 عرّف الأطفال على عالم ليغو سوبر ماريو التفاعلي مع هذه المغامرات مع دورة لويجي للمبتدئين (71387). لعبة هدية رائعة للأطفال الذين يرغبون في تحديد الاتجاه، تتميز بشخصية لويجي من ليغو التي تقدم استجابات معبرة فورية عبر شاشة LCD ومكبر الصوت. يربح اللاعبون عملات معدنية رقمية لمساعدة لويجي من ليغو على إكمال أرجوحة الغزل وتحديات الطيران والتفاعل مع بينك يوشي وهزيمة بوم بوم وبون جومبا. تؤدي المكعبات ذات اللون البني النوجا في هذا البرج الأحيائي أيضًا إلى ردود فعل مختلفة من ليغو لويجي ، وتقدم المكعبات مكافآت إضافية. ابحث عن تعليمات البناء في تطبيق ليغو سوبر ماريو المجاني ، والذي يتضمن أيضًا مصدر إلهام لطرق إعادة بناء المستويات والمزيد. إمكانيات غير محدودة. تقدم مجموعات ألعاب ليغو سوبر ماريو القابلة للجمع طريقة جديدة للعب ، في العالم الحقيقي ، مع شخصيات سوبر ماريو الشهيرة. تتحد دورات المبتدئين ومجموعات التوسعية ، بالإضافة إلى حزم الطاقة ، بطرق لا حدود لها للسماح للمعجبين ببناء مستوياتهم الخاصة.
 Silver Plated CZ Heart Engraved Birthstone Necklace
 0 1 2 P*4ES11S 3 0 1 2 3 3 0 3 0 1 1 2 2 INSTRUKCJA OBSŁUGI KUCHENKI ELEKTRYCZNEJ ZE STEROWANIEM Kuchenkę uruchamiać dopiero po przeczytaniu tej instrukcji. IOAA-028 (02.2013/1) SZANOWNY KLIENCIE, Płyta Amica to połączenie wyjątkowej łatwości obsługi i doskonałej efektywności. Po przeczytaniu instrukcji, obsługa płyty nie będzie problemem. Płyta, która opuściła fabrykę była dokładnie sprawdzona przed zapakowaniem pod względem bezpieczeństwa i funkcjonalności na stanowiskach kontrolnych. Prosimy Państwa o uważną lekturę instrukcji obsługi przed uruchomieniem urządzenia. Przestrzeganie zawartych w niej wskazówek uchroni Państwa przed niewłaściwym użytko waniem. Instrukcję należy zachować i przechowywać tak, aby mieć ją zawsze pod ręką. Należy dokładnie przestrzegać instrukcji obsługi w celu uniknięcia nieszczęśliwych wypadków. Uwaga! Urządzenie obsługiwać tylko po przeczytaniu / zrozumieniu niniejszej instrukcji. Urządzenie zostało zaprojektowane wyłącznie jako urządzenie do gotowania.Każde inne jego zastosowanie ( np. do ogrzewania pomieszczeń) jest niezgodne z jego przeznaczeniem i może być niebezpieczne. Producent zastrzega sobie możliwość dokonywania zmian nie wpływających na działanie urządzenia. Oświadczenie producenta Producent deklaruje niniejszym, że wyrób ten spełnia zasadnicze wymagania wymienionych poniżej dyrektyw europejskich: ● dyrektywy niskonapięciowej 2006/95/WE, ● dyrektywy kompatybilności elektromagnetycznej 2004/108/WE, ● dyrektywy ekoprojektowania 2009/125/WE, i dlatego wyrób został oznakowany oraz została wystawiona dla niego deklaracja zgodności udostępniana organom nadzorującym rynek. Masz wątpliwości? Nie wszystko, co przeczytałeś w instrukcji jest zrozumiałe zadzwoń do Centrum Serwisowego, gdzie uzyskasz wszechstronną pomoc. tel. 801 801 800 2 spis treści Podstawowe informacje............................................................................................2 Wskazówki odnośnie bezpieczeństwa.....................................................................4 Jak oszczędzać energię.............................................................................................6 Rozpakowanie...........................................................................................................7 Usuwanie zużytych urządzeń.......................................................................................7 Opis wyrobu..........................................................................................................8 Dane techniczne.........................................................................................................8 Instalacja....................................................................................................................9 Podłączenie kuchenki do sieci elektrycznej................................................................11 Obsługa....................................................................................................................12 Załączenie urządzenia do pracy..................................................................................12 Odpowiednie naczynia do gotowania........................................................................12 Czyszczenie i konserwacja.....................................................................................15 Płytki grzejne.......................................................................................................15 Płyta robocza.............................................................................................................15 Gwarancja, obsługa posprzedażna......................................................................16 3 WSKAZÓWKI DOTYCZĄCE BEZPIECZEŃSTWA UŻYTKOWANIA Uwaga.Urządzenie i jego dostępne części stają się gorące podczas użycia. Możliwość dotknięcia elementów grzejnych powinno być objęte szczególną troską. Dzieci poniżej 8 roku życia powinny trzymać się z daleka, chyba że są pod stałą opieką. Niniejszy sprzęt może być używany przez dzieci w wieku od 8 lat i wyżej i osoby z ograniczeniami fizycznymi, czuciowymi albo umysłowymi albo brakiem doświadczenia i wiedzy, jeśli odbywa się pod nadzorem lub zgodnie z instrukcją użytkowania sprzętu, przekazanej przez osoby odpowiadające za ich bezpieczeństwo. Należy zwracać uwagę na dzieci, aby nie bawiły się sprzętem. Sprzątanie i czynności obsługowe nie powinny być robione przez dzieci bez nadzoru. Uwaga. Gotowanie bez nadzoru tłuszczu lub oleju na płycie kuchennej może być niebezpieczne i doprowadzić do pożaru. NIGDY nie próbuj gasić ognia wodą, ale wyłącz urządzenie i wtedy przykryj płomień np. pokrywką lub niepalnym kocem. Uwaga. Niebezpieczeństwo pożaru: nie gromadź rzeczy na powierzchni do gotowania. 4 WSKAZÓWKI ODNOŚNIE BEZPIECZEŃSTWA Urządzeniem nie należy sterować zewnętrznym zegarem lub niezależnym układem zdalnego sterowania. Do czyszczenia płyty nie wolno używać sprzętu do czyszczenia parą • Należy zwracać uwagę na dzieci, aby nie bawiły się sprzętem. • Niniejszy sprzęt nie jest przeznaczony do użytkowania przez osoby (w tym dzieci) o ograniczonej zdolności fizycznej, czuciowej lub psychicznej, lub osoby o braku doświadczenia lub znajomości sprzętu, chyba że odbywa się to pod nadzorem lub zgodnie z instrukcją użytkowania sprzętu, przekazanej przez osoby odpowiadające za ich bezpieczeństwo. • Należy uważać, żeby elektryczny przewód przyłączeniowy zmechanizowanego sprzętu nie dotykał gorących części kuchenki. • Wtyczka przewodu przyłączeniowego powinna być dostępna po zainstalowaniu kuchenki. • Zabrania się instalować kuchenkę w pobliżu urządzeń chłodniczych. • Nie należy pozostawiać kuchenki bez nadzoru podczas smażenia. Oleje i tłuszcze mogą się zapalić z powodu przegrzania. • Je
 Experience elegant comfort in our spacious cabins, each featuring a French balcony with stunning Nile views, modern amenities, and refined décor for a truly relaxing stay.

==

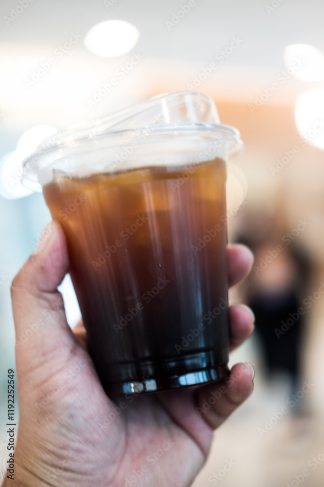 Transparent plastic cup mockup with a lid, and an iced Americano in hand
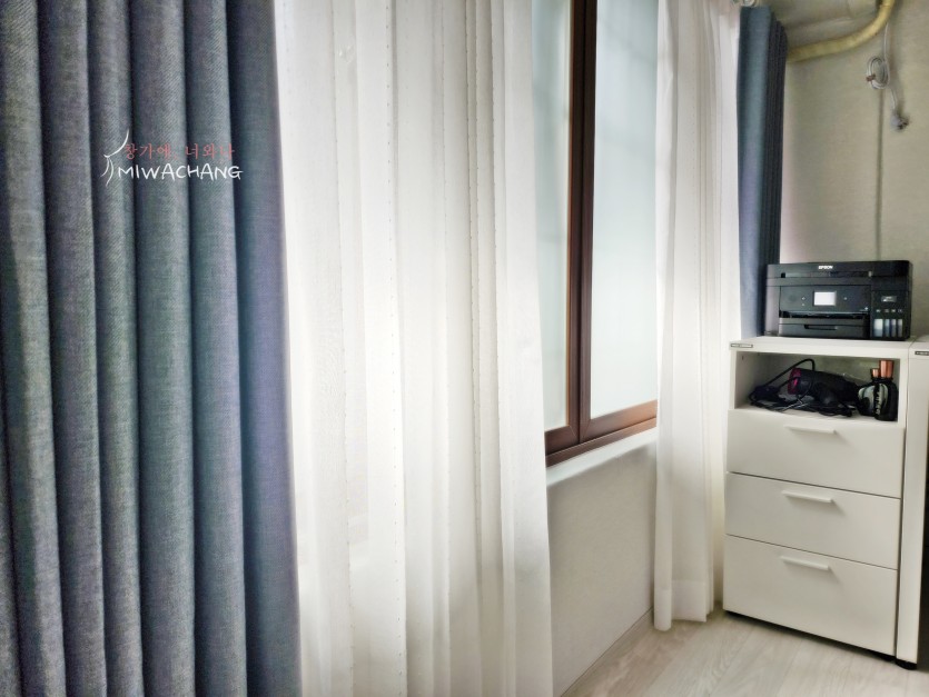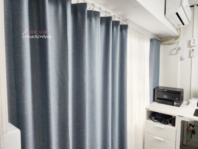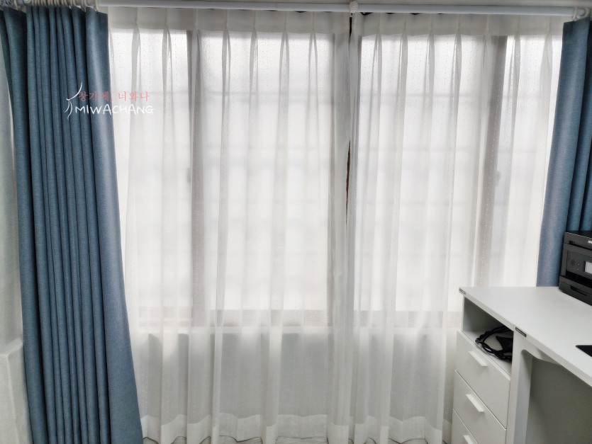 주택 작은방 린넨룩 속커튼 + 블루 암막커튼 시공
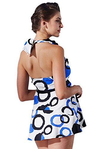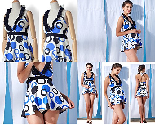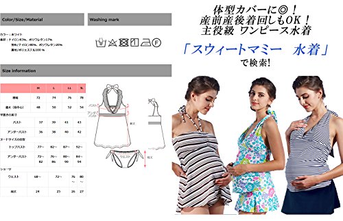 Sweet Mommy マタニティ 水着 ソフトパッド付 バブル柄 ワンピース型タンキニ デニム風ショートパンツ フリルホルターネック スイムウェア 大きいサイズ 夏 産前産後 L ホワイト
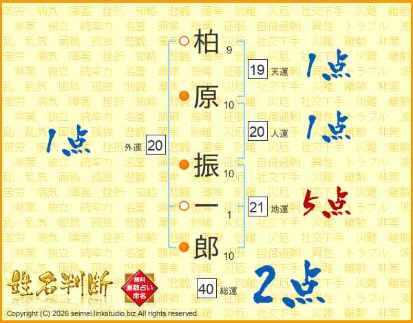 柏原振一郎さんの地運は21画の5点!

_Activity_.
Repeat, without pictures, exactly the lines of the data above from the one containing "Sweet Mommy マタニティ" through the one containing "柏原振一郎さんの地運は21画の5点!", including both and adding nothing.

_Answer area_.
 Sweet Mommy マタニティ 水着 ソフトパッド付 バブル柄 ワンピース型タンキニ デニム風ショートパンツ フリルホルターネック スイムウェア 大きいサイズ 夏 産前産後 L ホワイト
 柏原振一郎さんの地運は21画の5点!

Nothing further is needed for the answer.